Data type for model weights. Options:
  • "float16" or "fp16" - Half precision (recommended for most GPUs)
  • "bfloat16" or "bf16" - Brain float (better for newer hardware)
  • "float32" or "fp32" - Full precision (slower but more accurate)
**kwargs
dict
Additional arguments passed to DiffusionPipeline.from_pretrained(). Common options:
  • variant - Model variant (e.g., “fp16”)
  • use_auth_token - HuggingFace authentication token
  • revision - Model revision to use

Returns

model
Model
Model instance ready for inference and training

Example

from hypergen import model

# Load with default settings (float16)
m = model.load("stabilityai/stable-diffusion-xl-base-1.0")

# Load with specific dtype
m = model.load(
    "stabilityai/sdxl-turbo",
    torch_dtype="bfloat16"
)

# Load from local path
m = model.load("/path/to/local/model")

Model.to()

Move the model to a specific device (GPU, CPU, etc.).
m.to("cuda")  # Move to GPU

Parameters

device
string
required
Device to move model to:
  • "cuda" - NVIDIA GPU (default CUDA device)
  • "cuda:0", "cuda:1", etc. - Specific CUDA device
  • "cpu" - CPU
  • "mps" - Apple Silicon GPU (Metal Performance Shaders)

Returns

self
Model
Returns self for method chaining

Example

from hypergen import model

# Load and move to GPU in one chain
m = model.load("stabilityai/sdxl-turbo").to("cuda")

# Move to specific GPU
m = model.load("stabilityai/sdxl-turbo").to("cuda:1")

# Use Apple Silicon GPU
m = model.load("stabilityai/sdxl-turbo").to("mps")

Model.generate()

Generate images from text prompt(s).
image = m.generate("A cat holding a sign")

Parameters

prompt
string | list[string]
required
Text prompt(s) describing the image to generate.

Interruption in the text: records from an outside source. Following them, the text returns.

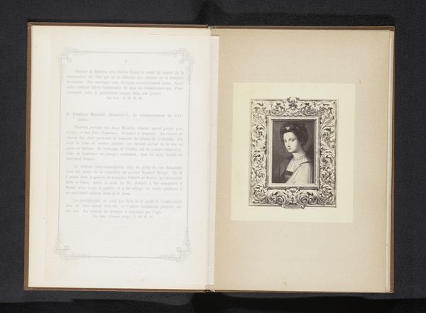 Curator: This fascinating photographic reproduction presents a portrait of Cardinal Pierre de Luxembourg. It’s likely sourced from before 1880, judging from its style and printing process. Editor: It feels very reverential, doesn't it? There’s an undeniable stillness in the image. It almost looks like he’s floating amidst the textured background. What symbolic weight would a figure like him carry? Curator: Absolutely. Think about the context. As a Cardinal, Pierre de Luxembourg was a very powerful figure. Now, a reproduction like this helps maintain that authority, reinforcing specific social structures and ecclesiastical institutions. It’s about preserving a particular memory of power, I think. Editor: The headdress is a compelling symbol, as well as his clothing. But how much of his perceived persona relies on symbolic adornments over inherent spiritual presence? Does the attire create the aura, or does it amplify something already there? Curator: Good point! These images were consciously constructed. So many portraits, even when depicting figures with supposedly spiritual connections, became highly politicized—art serving as propaganda in some ways, subtly reinforcing hierarchy. Editor: Yet, the presence of a coat of arms creates a lineage through symbolic representation. Family crests become vital links to identity that give meaning and permanence to status, beyond merely religious or political influence. It’s fascinating how families tried to visually secure themselves in cultural memory. Curator: I agree completely! And the photographic element makes it so widely accessible. So, through photography, that message of established authority goes to new segments of the public. The image functions almost like a proto-mass media tool. Editor: Seeing the symbolism through the lens of history helps reanimate an image that might otherwise be a simple portrait. The weight of representation becomes much clearer. Curator: It definitely adds layers of interpretation! I think this reproduction underscores how imagery functions within larger networks of power, belief, and social practice. Editor: Ultimately, examining these visual cues allows us to decipher meaning and unpack cultural significance encoded in an individual and their broader community.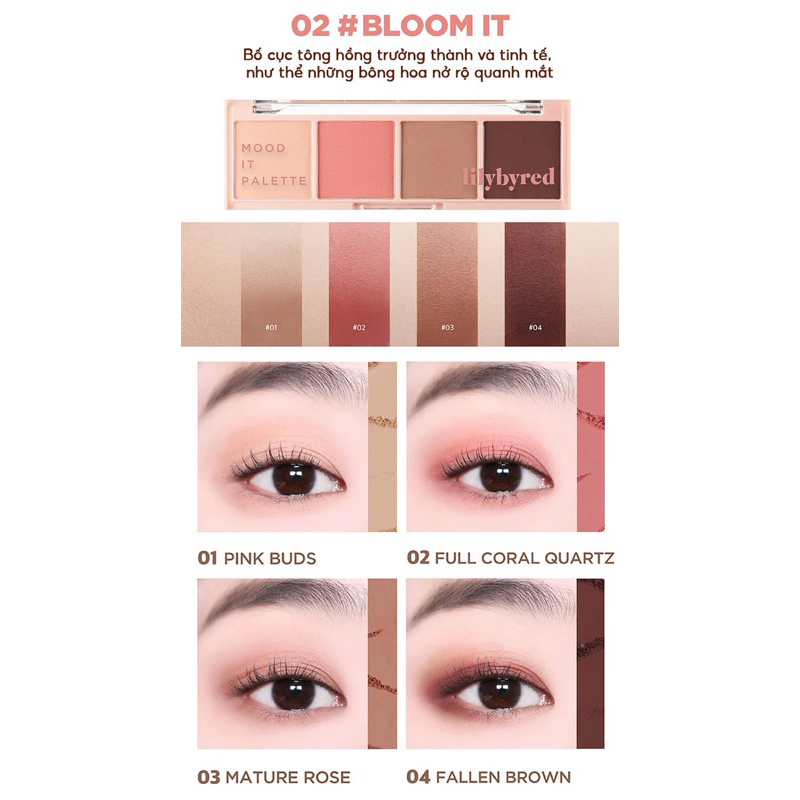 chất phấn mềm mịn, có khả năng vừa có thể làm phấn mắt, vừa làm tạo khối, má hồng vô cùng tiện lợi cùng bảng màu siêu xinh giúp bạn tự tin phối hợp nhiều phong cách trang điểm khác nhau, mang đến sự mới mẻ, cá tính và tươi trẻ, năng động cho bạn.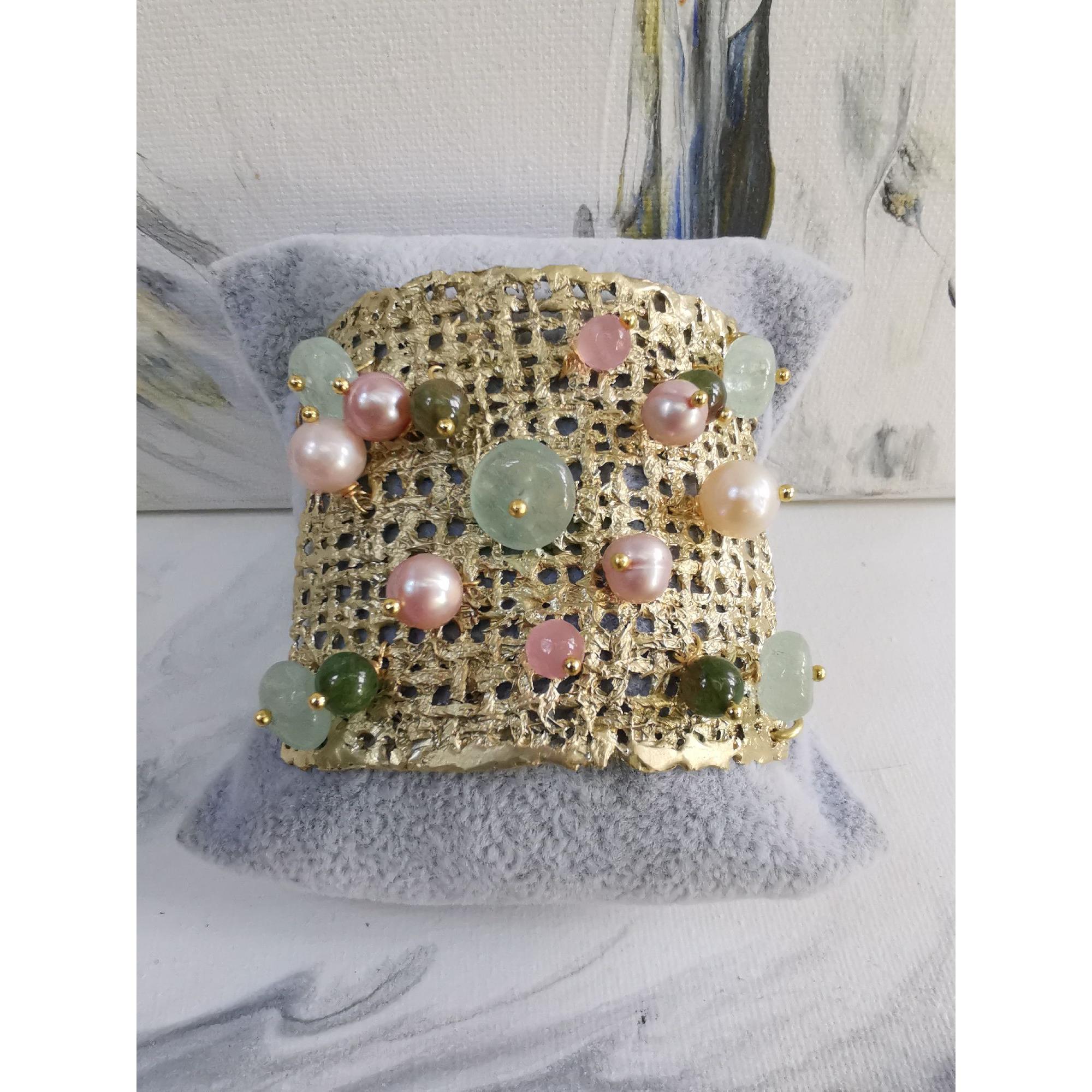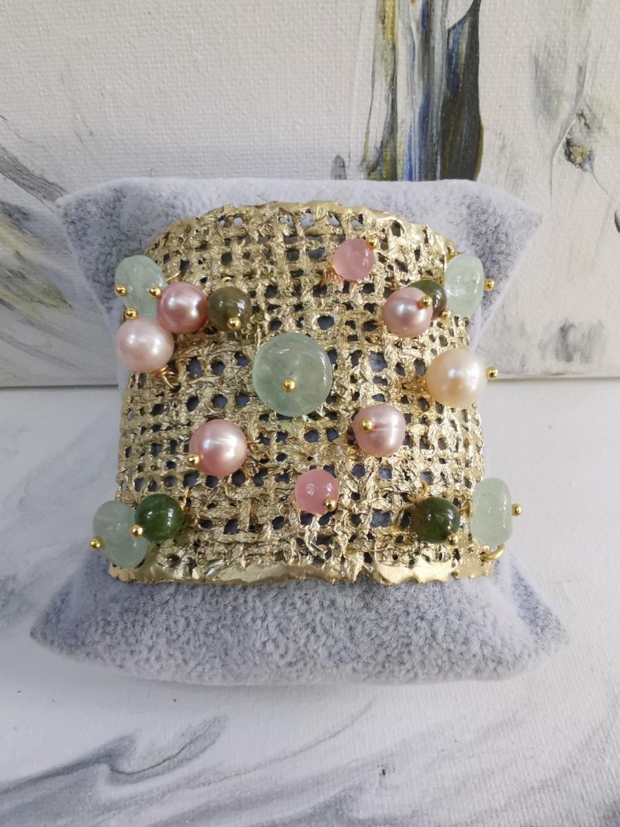Bracciale in bronzo giallo con perle pesca, acque marine, agate indiane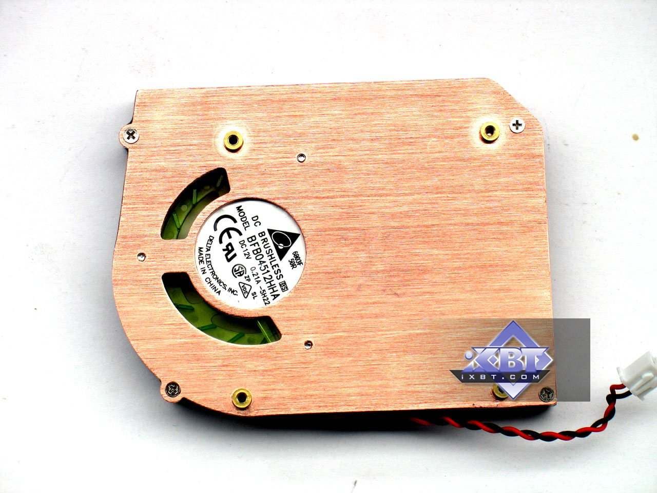 Что касается кулера, то продукт имеет тот же эталонный кулер, что мы видели у 7900 GT. Выполнен из медного сплава, представляет собой закрытый радиатор со смещенным относительно центра вентилятором.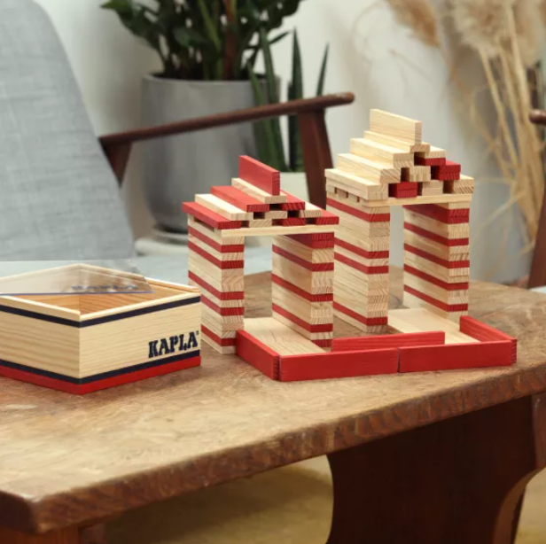 KAPLA planks are all the same size. simply stack the identical KAPLA planks, without any glue or clips, to build your imagination: a universal concept that adapts to all ages. The coloured planks are dyed using food-safe colouring.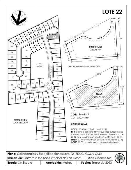 El fraccionamiento es privado, todo bardado con calles adoquinadas, preparación de servicios en cada lote, iluminación con lámparas solares, caseta de vigilancia y en construcción casa club.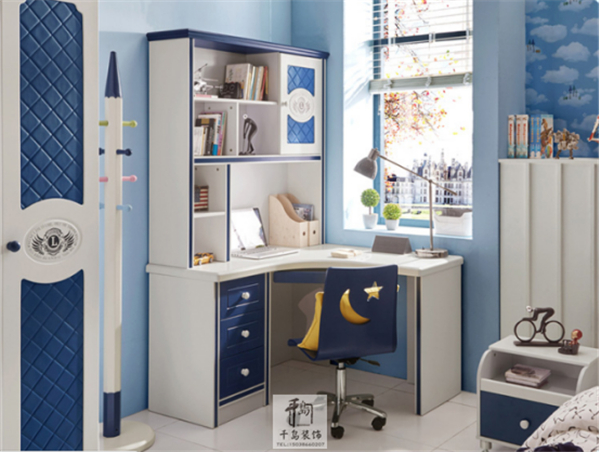 孩子逐漸長大,活動范圍也逐步增大,房間應該預留足夠的活動空間,我們可通過定制組合家具,如書柜書桌一體化家具等,以提高空間利用率,讓孩子能夠自由的玩耍。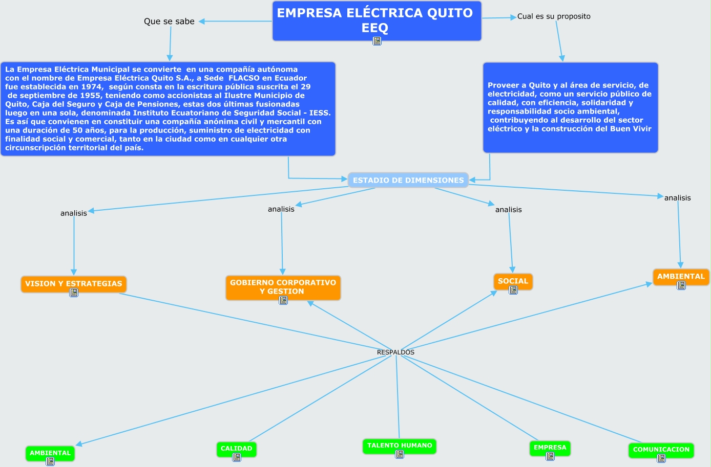 Este Cmap, tiene información relacionada con: ESTADIOS PARA EEQ, VISION Y ESTRATEGIAS RESPALDOS AMBIENTAL, La Empresa Eléctrica Municipal se convierte en una compañía autónoma con el nombre de Empresa Eléctrica Quito S.A., a Sede FLACSO en Ecuador fue establecida en 1974, según consta en la escritura pública suscrita el 29 de septiembre de 1955, teniendo como accionistas al Ilustre Municipio de Quito, Caja del Seguro y Caja de Pensiones, estas dos últimas fusionadas luego en una sola, denominada Instituto Ecuatoriano de Seguridad Social - IESS. Es así que convienen en constituir una compañía anónima civil y mercantil con una duración de 50 años, para la producción, suministro de electricidad con finalidad social y comercial, tanto en la ciudad como en cualquier otra circunscripción territorial del país. ???? ESTADIO DE DIMENSIONES, VISION Y ESTRATEGIAS RESPALDOS EMPRESA, VISION Y ESTRATEGIAS RESPALDOS AMBIENTAL, VISION Y ESTRATEGIAS RESPALDOS CALIDAD, ESTADIO DE DIMENSIONES analisis VISION Y ESTRATEGIAS, ESTADIO DE DIMENSIONES analisis GOBIERNO CORPORATIVO Y GESTION, EMPRESA ELÉCTRICA QUITO EEQ Que se sabe La Empresa Eléctrica Municipal se convierte en una compañía autónoma con el nombre de Empresa Eléctrica Quito S.A., a Sede FLACSO en Ecuador fue establecida en 1974, según consta en la escritura pública suscrita el 29 de septiembre de 1955, teniendo como accionistas al Ilustre Municipio de Quito, Caja del Seguro y Caja de Pensiones, estas dos últimas fusionadas luego en una sola, denominada Instituto Ecuatoriano de Seguridad Social - IESS. Es así que convienen en constituir una compañía anónima civil y mercantil con una duración de 50 años, para la producción, suministro de electricidad con finalidad social y comercial, tanto en la ciudad como en cualquier otra circunscripción territorial del país., Proveer a Quito y al área de servicio, de electricidad, como un servicio público de calidad, con eficiencia, solidaridad y responsabilidad socio ambiental, contribuyendo al desarrollo del sector eléctrico y la construcción del Buen Vivir ???? ESTADIO DE DIMENSIONES, ESTADIO DE DIMENSIONES analisis AMBIENTAL, VISION Y ESTRATEGIAS RESPALDOS TALENTO HUMANO, VISION Y ESTRATEGIAS RESPALDOS COMUNICACION, ESTADIO DE DIMENSIONES analisis SOCIAL, VISION Y ESTRATEGIAS RESPALDOS SOCIAL, EMPRESA ELÉCTRICA QUITO EEQ Cual es su proposito Proveer a Quito y al área de servicio, de electricidad, como un servicio público de calidad, con eficiencia, solidaridad y responsabilidad socio ambiental, contribuyendo al desarrollo del sector eléctrico y la construcción del Buen Vivir, VISION Y ESTRATEGIAS RESPALDOS GOBIERNO CORPORATIVO Y GESTION

Can be a single string or list of strings for batch generation.
negative_prompt
string | list[string]
Negative prompt(s) describing what to avoid in the generation
num_inference_steps
integer
default:"50"
Number of denoising steps. More steps = higher quality but slower. Typical range: 20-100.
guidance_scale
float
default:"7.5"
Classifier-free guidance scale. Higher values = stronger adherence to prompt. Typical range: 5.0-15.0.
width
integer
default:"1024"
Output image width in pixels. Must be divisible by 8.
height
integer
default:"1024"
Output image height in pixels. Must be divisible by 8.
num_images_per_prompt
integer
default:"1"
Number of images to generate per prompt
seed
integer
Random seed for reproducible generation. If not specified, uses random seed.
**kwargs
dict
Additional arguments passed to the underlying pipeline (model-specific)

Returns

images
PIL.Image.Image | list[PIL.Image.Image]
Generated image(s). Returns a single PIL Image if one image is generated, or a list of images for batch generation.

Example

from hypergen import model

m = model.load("stabilityai/stable-diffusion-xl-base-1.0").to("cuda")

# Basic generation
image = m.generate("A cat holding a sign")
image.save("cat.png")

# With advanced parameters
image = m.generate(
    prompt="A futuristic cityscape at sunset",
    negative_prompt="blurry, low quality, distorted",
    num_inference_steps=50,
    guidance_scale=7.5,
    width=1024,
    height=1024,
    seed=42  # Reproducible results
)

# Batch generation
images = m.generate(
    prompt=["A cat", "A dog", "A bird"],
    num_images_per_prompt=2  # 6 total images
)

for i, img in enumerate(images):
    img.save(f"output_{i}.png")

Model.train_lora()

Train a LoRA (Low-Rank Adaptation) adapter on a custom dataset. This is the simple, high-level interface for LoRA training.
lora = m.train_lora(dataset, steps=1000)

Parameters

dataset
Dataset
required
Dataset to train on, created with dataset.load()
steps
integer
default:"1000"
Number of training steps to perform
learning_rate
float | string
default:"1e-4"
Learning rate for training. Use a float value or "auto" for automatic learning rate selection.Typical values:
  • 1e-4 - Good starting point for most cases
  • 1e-5 - More conservative, slower convergence
  • 1e-3 - Aggressive, may cause instability
rank
integer
default:"16"
LoRA rank. Lower rank = fewer parameters and faster training, but less expressive.Common values:
  • 8 - Very lightweight, fast training
  • 16 - Good balance (default)
  • 32 - More expressive, slower training
  • 64 - High capacity, slow training
alpha
integer
default:"32"
LoRA alpha scaling factor. Typically set to 2x the rank. Controls the magnitude of LoRA updates.
batch_size
integer | string
default:"1"
Batch size for training. Use "auto" for automatic batch size selection based on available memory.
gradient_accumulation_steps
integer
default:"1"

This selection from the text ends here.